Socially Responsible Investing (SRI) Introduction
a Clean environment -- one goal of socially responsible investors
Just because you have the chance to invest in stocks, mutual funds, and other financial products does not mean that you have to disregard your moral standards. If, for example, your religious upbringing frowns on gambling, you’d probably have to think long and hard before investing in stocks of Las Vegas gaming establishments.
The idea of making investments that meet a set of moral, ethical, or environmental guiding principles is known as socially responsible investing (SRI). Morningstar.com describes why the SRI designation is important in the following paragraph:
The general premise is to give investors peace of mind by using screens based on moral criteria that create an acceptable universe of investment candidates. Gun manufacturers, distillers, Big Oil, and some pharmaceutical companies typically fail to pass those screens. For example, a religious-themed fund might exclude a pharmaceutical company that manufactured contraception, even if that product was just one of dozens it produced.
SRI also relates to investing in companies or products that can transform society for the greater good, such as promoting gender equality or a clean and healthy environment.
In recent years, millennials, roughly defined as those born between 1980 and 2000, have been shown in surveys to be more interested in SRI than the generations born earlier. They are concerned about climate change, dependence on fossil fuels, labor practices, and other socially relevant issues. Investment organizations have noticed this trend and are starting to emphasize funds and investments that place a certain portion of investors’ money they manage in SRI sectors.
There are various terminologies used to indicate SRI, depending on the emphasis of the investors involved, such as: ESG (economic, social and governance) factor-based investing, sustainable investing, impact investing, values-based investing, community investing, and green investing. To reflect this diversity of terminology, this chapter uses the terms sustainable and responsible investing, sustainable investing, responsible investing, impact investing and SRI interchangeably.

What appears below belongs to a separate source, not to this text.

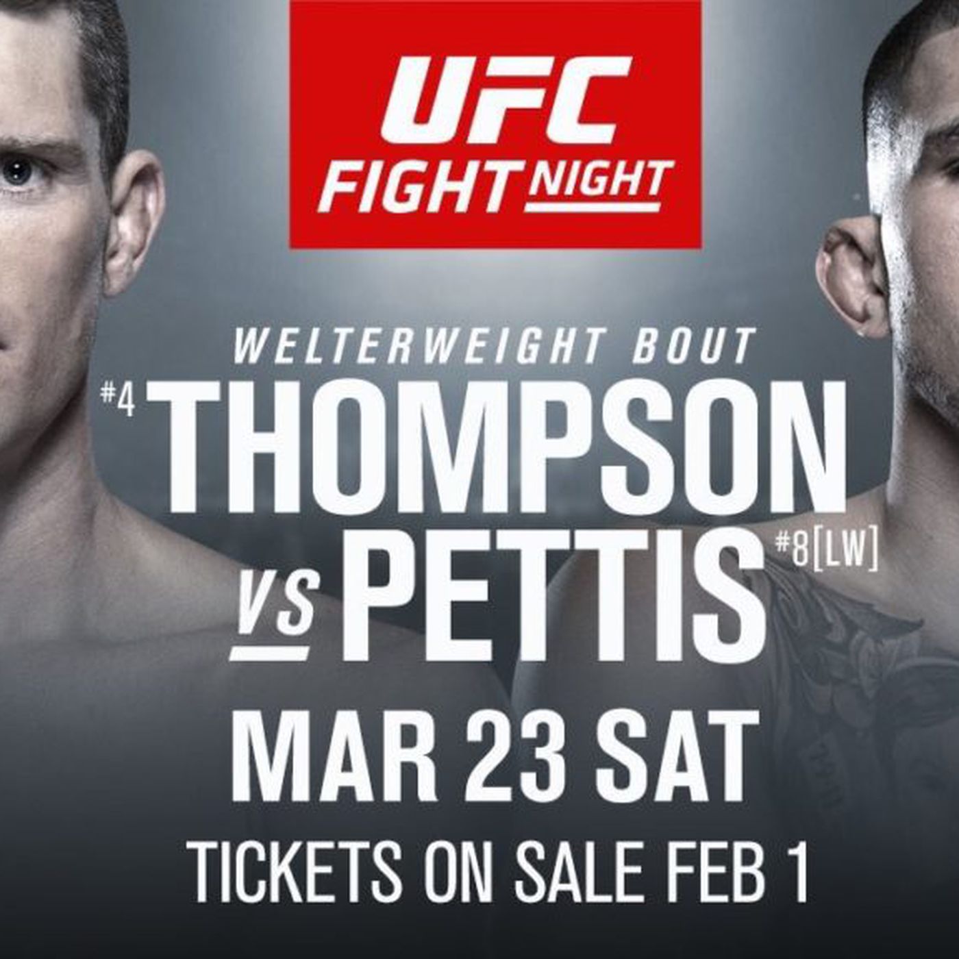 23 de Março de 2019 RESUMOO poster oficial do UFC Nashville traz como destaque as três últimas lutas do card principal, são elas: Stephen Thompson x Anthony Pettis, Curtis Blaydes x Justin Willis, John Makdessi x Jesus Pinedo, Jussier Formiga x Deiveson Figueiredo, Luis Pena x Steven Peterson e por fim Maycee Barber x JJ Aldrich.
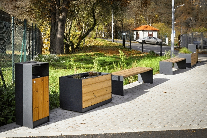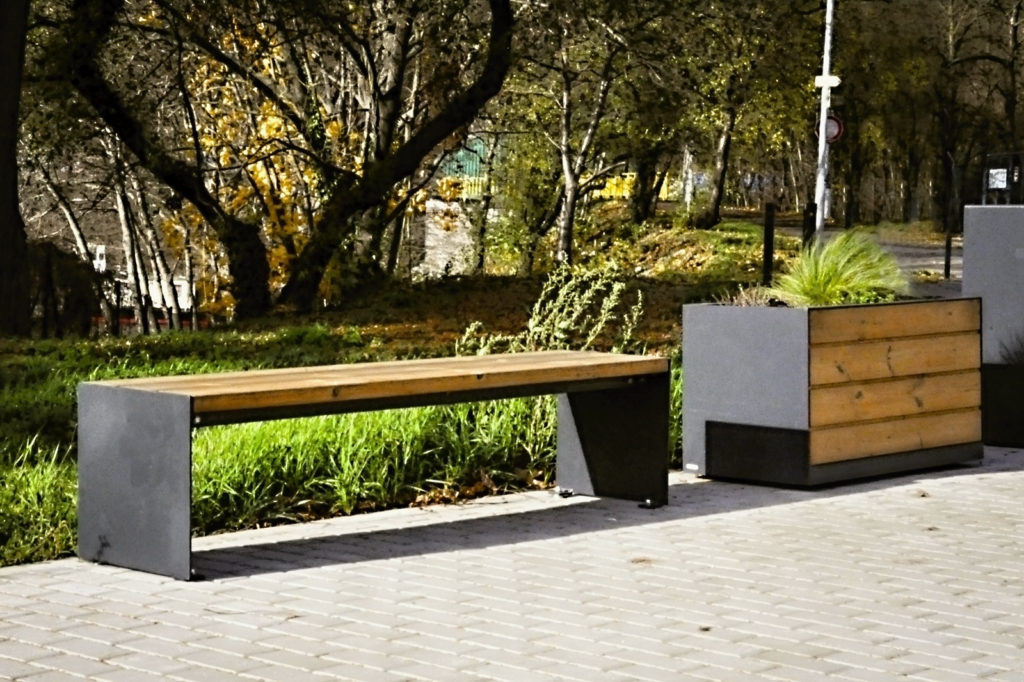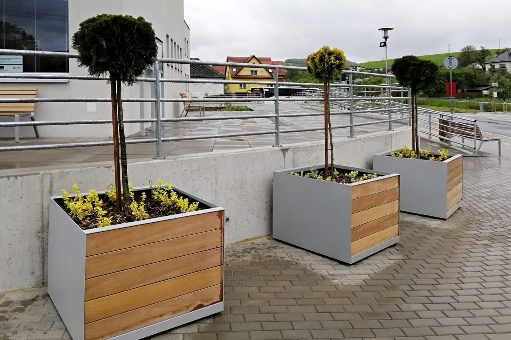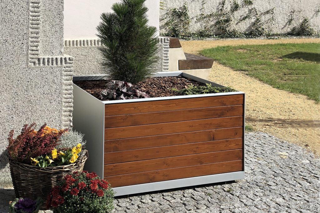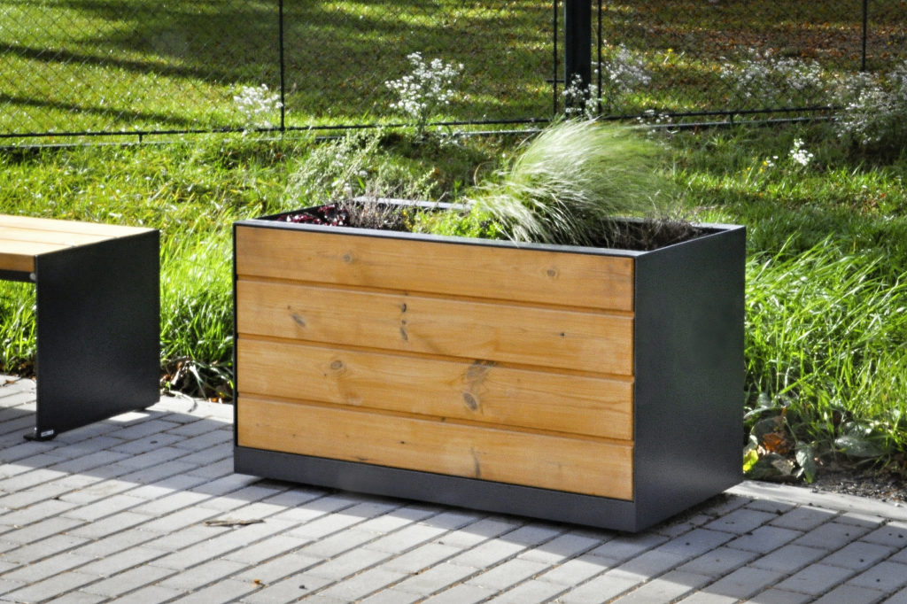 The supporting structure made of galvanized steel is treated with powder coating. The paneling is consisted of solid wooden battens attached to the supporting structure with stainless screws, or galvanized sheet metal, alternatively made from stretched metal sheet treated with powder coating. An inner polypropylene container is provided with overflowing holes in order to prevent plants from their possible overwatering. There are four legs in the corners of the container used for firm placing on the base.

History of Socially Responsible Investing
SRI has a long history that spans centuries. It was common among religious faiths and indigenous cultures that have long considered how their economic actions affected others around them. In the American colonies, some Quakers and Methodists refused to make investments that might have benefited the slave trade, war or conspicuous consumption, to name three examples. The earliest explicit ethical investment policies avoided so-called “sin” stocks – companies involved in alcohol, tobacco or gambling. In the early 1950s, a mutual fund called the Pioneer Fund became the first to adopt an SRI approach by avoiding investments in any companies involved in the manufacture of tobacco products, alcoholic beverages, or the operation of gambling casinos or other gaming businesses.
Before 1960, most SRI policies involved screening for “sin” stocks. However, the root of sustainable investing since then arose after the social and cultural transformations of the 1960s and 1970s, as the civil rights, feminist, consumer, antiwar and environmental movements raised awareness about social, environmental and economic problems and made the connection between corporate and investor responsibility.
The early 1970s also saw the launch of the first modern SRI mutual funds. The Pax World Fund, founded in 1971, and the Dreyfus Third Century Fund, created the next year, were the first funds to combine social and environmental consciousness and financial objectives.
In the 1980s, the anti-apartheid movement, which was opposed to the segregation policies that kept blacks and whites separate in South Africa, picked up steam. By 1993, when South African President Frederik Willem De Klerk took steps to end apartheid, hundreds of companies and institutions had withdrawn their investments in South Africa.
In recent years, a growing number of universities, faith-based institutions, foundations and others began to inquire if they had responsibilities to correct “social injury” caused by the companies in which they invested as minority shareholders. Aided by regulatory changes by the Securities and Exchange Commission, a growing band of individual and institutional investors filed the first of dozens of shareholder resolutions to raise questions about environmental and social responsibility at the annual meetings of U.S. publicly traded companies.
History of Socially Responsible Investing
The trend of Socially Responsible Investment (SRI) strategies has led to the establishment of organizations that provide information and services related to sustainability. For example, a research company called Swell Investing is collaborating with Motif Investing (a brokerage firm) to construct investment funds with themes associated with causes such as a) ending cancer, b) upholding human rights, c) fighting poverty, and d) improving education. The fact that these investment models are being created tells you that investors are looking more carefully into the nature of their investments in terms of social responsibility and impact investing.
Further evidence of this trend is that major universities, investment banks and pension funds are setting aside or allocating specific amounts of their money to socially responsible/sustainable investments.
For example, Harvard University’s $33 billion endowment (money Harvard uses to fund scholarships and run the university) recently announced that it was signing on to the Principles for Responsible Investment, an initiative supported by the United Nations that relates to SRI.
Do Socially Responsible Investments Perform?
You may be wondering whether investing in socially responsible companies or funds is as profitable as investing in other companies or funds that don’t have any particular mandates to be socially responsible. According to a report issued by the investment bank Morgan Stanley, titled Sustainable Reality: Understanding the Performance of Sustainable Investment Strategies, investing in socially responsible companies is more profitable than investing in traditional companies.